As my family and I watch Jordan take part in this year’s World Cup, I find myself thinking not only of the national pride around football, but of those girls in Za’atari who first stepped onto a pitch years ago. I think of what it means for a girl who has lost so much to discover that her body can be strong, that her voice can be heard, that she can belong to a team, that she can be seen.
A year and a half after the fall of the Assad regime in Syria, the population of Za’atari has decreased from more than 80,000 to a little over 50,000. But Syrians under the age of 18 still make up more than half of the camp’s population. This matters. Even as the world’s attention shifts toward rebuilding Syria and restoring security — both urgent and necessary goals — thousands of young refugees remain in neighboring host countries such as Jordan, Lebanon, and Turkey. Many have no homes to return to yet. Some may never return to the places their families once knew.
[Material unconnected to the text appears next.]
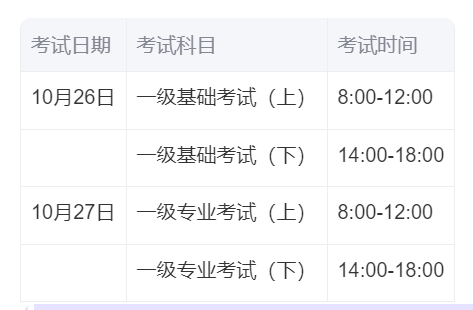根据全国注册工程师管理委员会官方通知,2025年注册结构工程师考试将于10月26日、27日举行,具体时间安排如下:
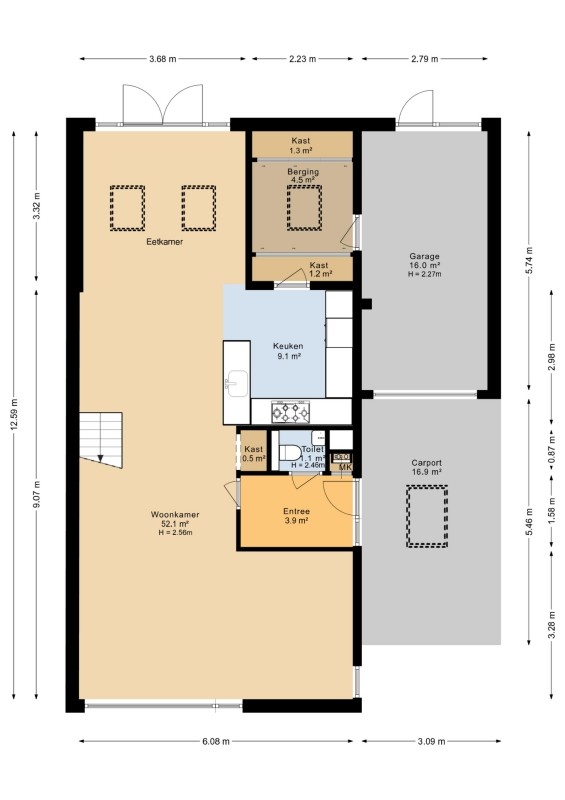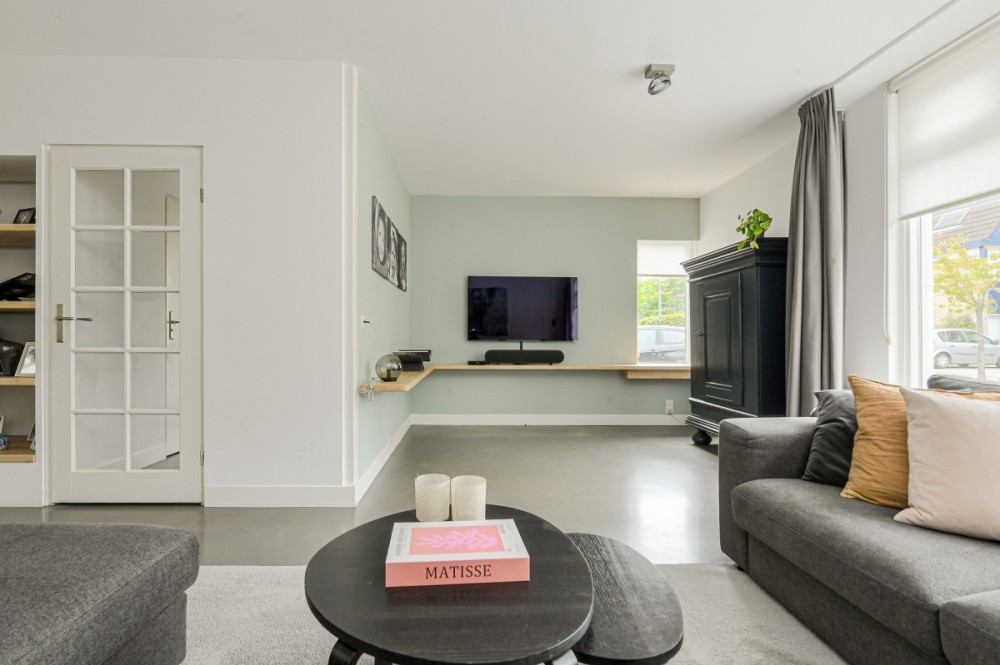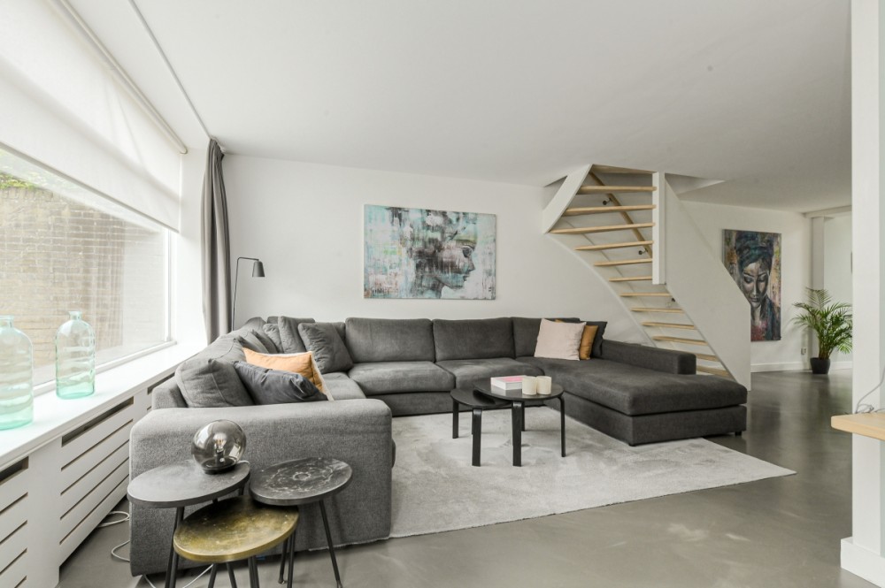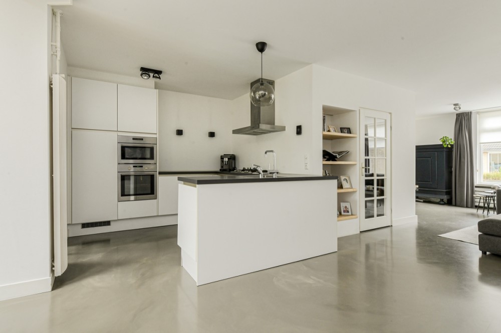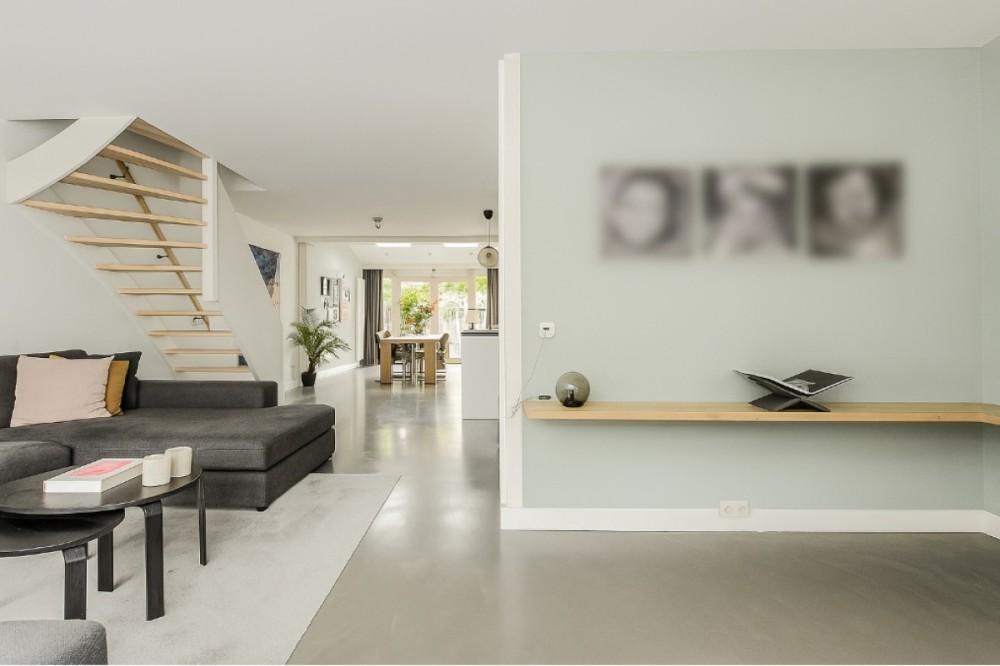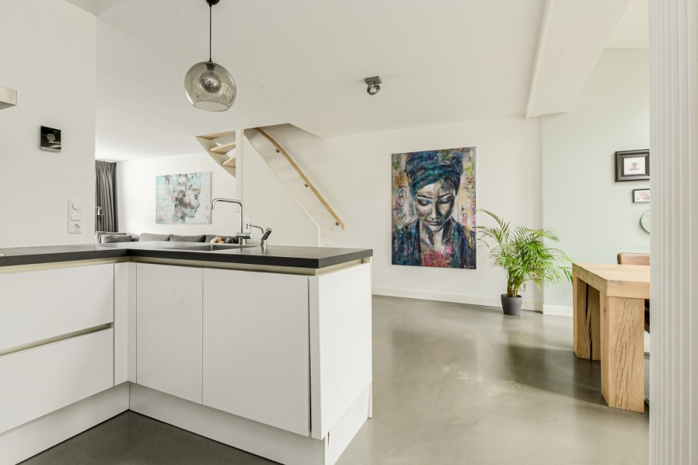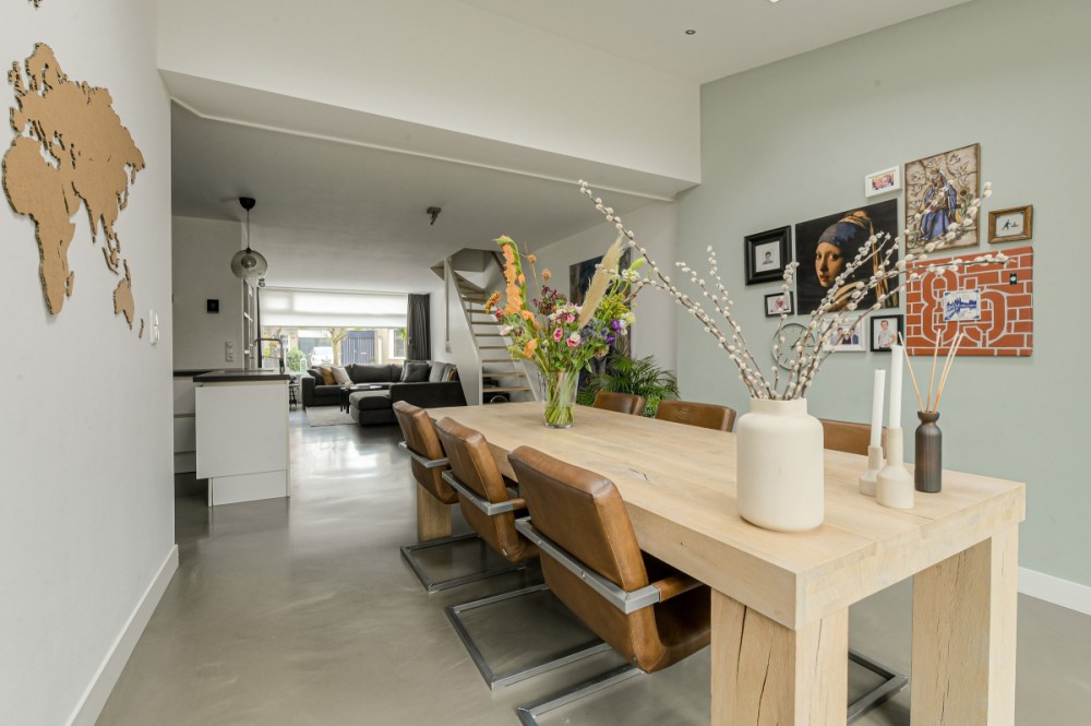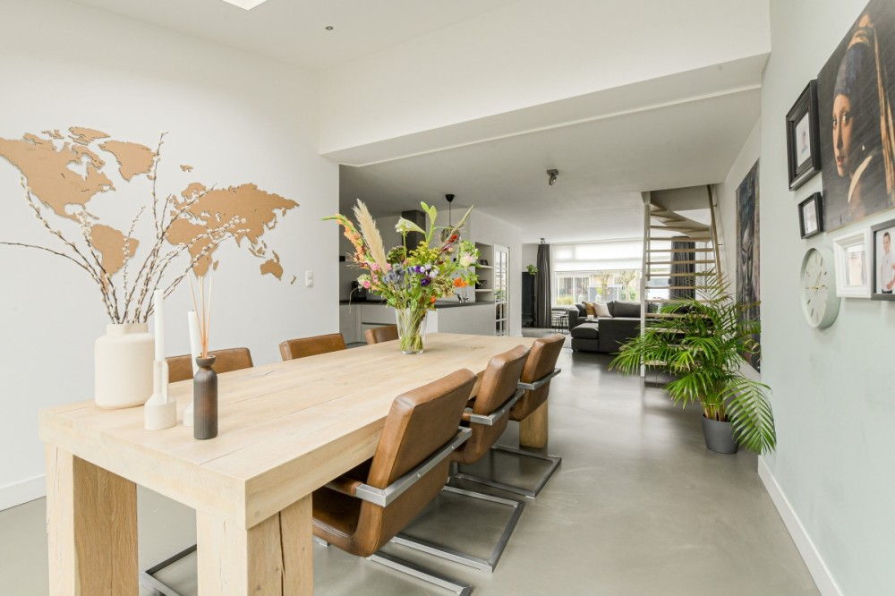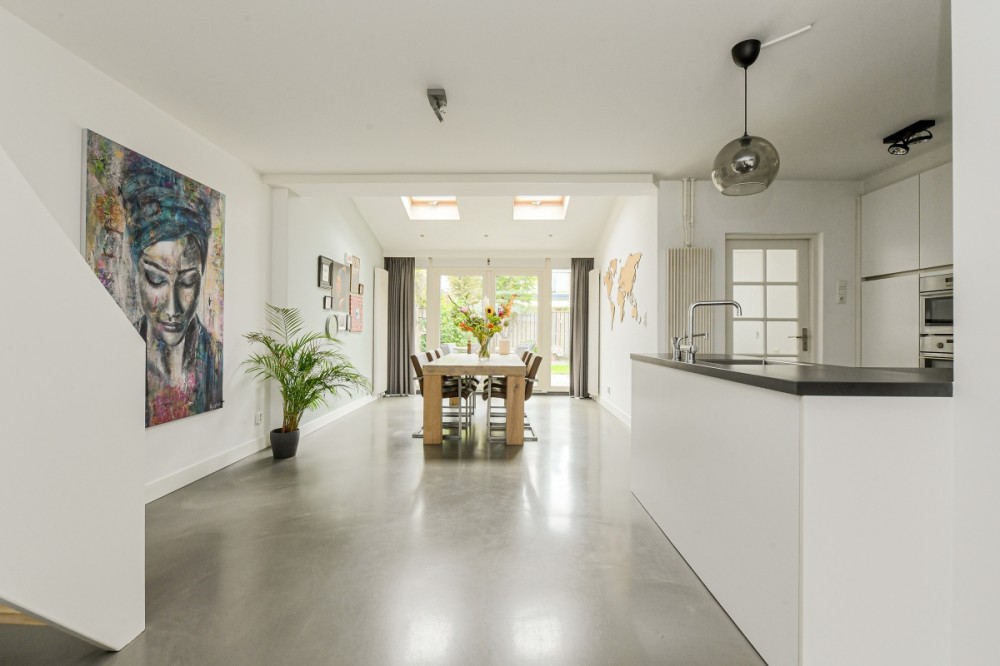 De ruime doorzon woonkamer, afmeting ca. 12.60 x 6.08/3.68m, met gietvloer is opgedeeld in een ruim zitgedeelte aan de voorzijde en een in de uitbouw gelegen eetkamer welke is voorzien van openslaande tuindeuren en 2 Velux ramen. Vanuit de woonkamer heeft u toegang middels de vernieuwde trap tot de eerste verdieping.

Very few developmental programs are still running in the camp today. One of them is an inspiring music program for Syrian children and youth led by the U.S.-based Dream Day Foundation, in close collaboration with Questscope and Playing for Change. Launched in September 2023 by British singer Ellie Goulding, the program now reaches more than 250 children, who are learning piano, drums, guitar, and traditional Middle Eastern instruments such as the oud and qanun.
One of those students is Ghazal, a Syrian teenage girl learning to play the oud. Before enrolling in the music course, she said, she spent her time with no real goals. “Now,” she said, “I have something to invest in: learning. Music gave me a sense of accomplishment and helped me feel more at ease and confident in myself.”
Ghazal’s voice rings so loud for me as a mother of two young girls, knowing so well how powerful this feeling is.
Today, on World Refugee Day, showing solidarity with refugees means upholding the responsibility to raise Ghazal’s voice and her music to the world stage. If Syria’s future is to be bright, it will depend not only on roads rebuilt and institutions restored, but on young people like Ghazal — girls who are given the chance to learn, to play, to lead, and to believe that their lives still hold possibility.